Henry Moore

Draped Reclining Figure

LE Lithograph

# 2 of 50 

signed and numbered by the artist

image area approx 30" wide x 18" high

framed size approx 40" wide x 26" high
excellent condition. 


Professionally matted and framed in original gallery frame.  Certificate of authenticity from Wolf Schulz Gallery in London.

Modernist sculptor Henry Moore was the most celebrated sculptor of his time.  Moore was born in July 1898 in Castleford, Yorkshire, Englands.  In September 1919 he attended Leeds School of Art on an ex-serviceman's grant. He was soon recognized as a star pupil, and in 1921 won a scholarship to the Royal College of Art in London.  Moore acquired a great interest in primitive art, particularly pre-Columbian sculpture.   In 1926 he held his first one man show, which attracted some distinguished purchasers including Augustus John, Henry Lamb and Jacob Epstein.

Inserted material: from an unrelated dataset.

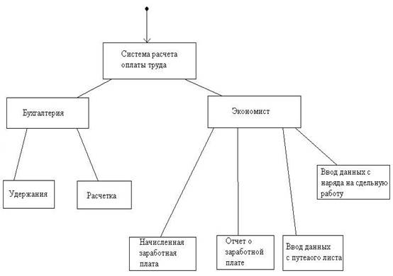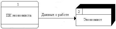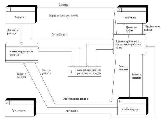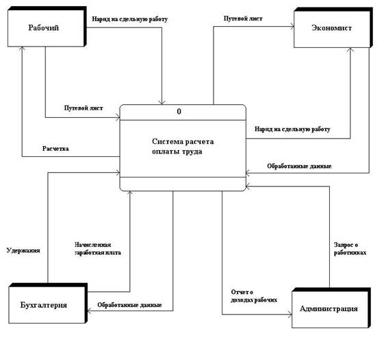 Построим начальную контекстную диаграмму потоков данных в нотации Гейна – Сэрсона. Нарисуем нулевой процесс и присвоим ему имя системы (Система расчета оплаты труда). Поскольку моделируется деятельность бухгалтерии, внешними сущностями являются Бухгалтерия, Экономист, Рабочий, Администрация. Нарисуем внешние сущности и соединим их с нулевым процессом посредством потоков данных. Начальная диаграмма представлена на рис. 6.

He was also commissioned to provide a sculpture for the new London headquarters of the London Underground.


Moore  was driven by the idea of direct carving, and at this time everything was laboriously hewn by hand. Moore, though reluctant to join any stylistic grouping, became interested in Surrealism, and showed at the International Exhibition of Surrealist Art held in London in 1936. This was also the year in which his work was first seen in the USA: he was included in an exhibition entitled Cubism and Abstract Art, at the Museum of Modern Art in New York.


In 1943 that he received a  commission for a figure of a Virgin and Child for the church of St Matthew's, Northampton. This was his first draped figure and a more traditional and accessible image than anything he had made so far. The theme of mothers and children continued in his post war sculpture, inspired now by something personal - the birth of a daughter in 1946.

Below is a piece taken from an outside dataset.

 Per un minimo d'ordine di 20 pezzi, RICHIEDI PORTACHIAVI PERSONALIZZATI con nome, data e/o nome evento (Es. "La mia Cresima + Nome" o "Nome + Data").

The year 1946 also marked an important stage in the growth of Moore's public reputation - a retrospective exhibition of his work at the Museum of Modern Art in New York was a triumphant success. The show later travelled to Chicago and San Francisco, and then on to Australia. In 1948 Moore was asked to take part in the first post war Biennale in Venice, and carried off the main prize for sculpture. His stature as an artist of international reputation was thus confirmed.


Moore now began to shift from direct carving to the modeling he had once despised. He began in 1952 by building an experimental foundry at the bottom of his garden, in order to learn the fundaments of the process.


Moore created a large number of commissioned works on a massive scale. Some of these, like the screen for the Time Life building in London executed in 1952, could be carved, but others, like the massive Reclining Figure for the Lincoln Center in New York (1961-65), had to be cast. Others again, like another Reclining Figure made for the Unesco Headquarters in Paris (1957-58), though still made of stone, were largely shaped by assistants. 


In his final years, Moore was increasingly criticized for the amount of work he was prepared to leave to his assistants, and for the resulting insensitivity of surface in many of his larger works. The best of his late work is to be found in his drawings. While those of his active maturity nearly always seem to have been made with sculpture in mind.


He was made a Companion of Honour in 1955, and a member of the Order of Merit in 1963. These marks of distinction showed the extent to which Modernist art had now been absorbed and accepted by the traditionally conservative British cultural establishment. His work remained in demand to the end of his life, and continues to fetch high prices at auction.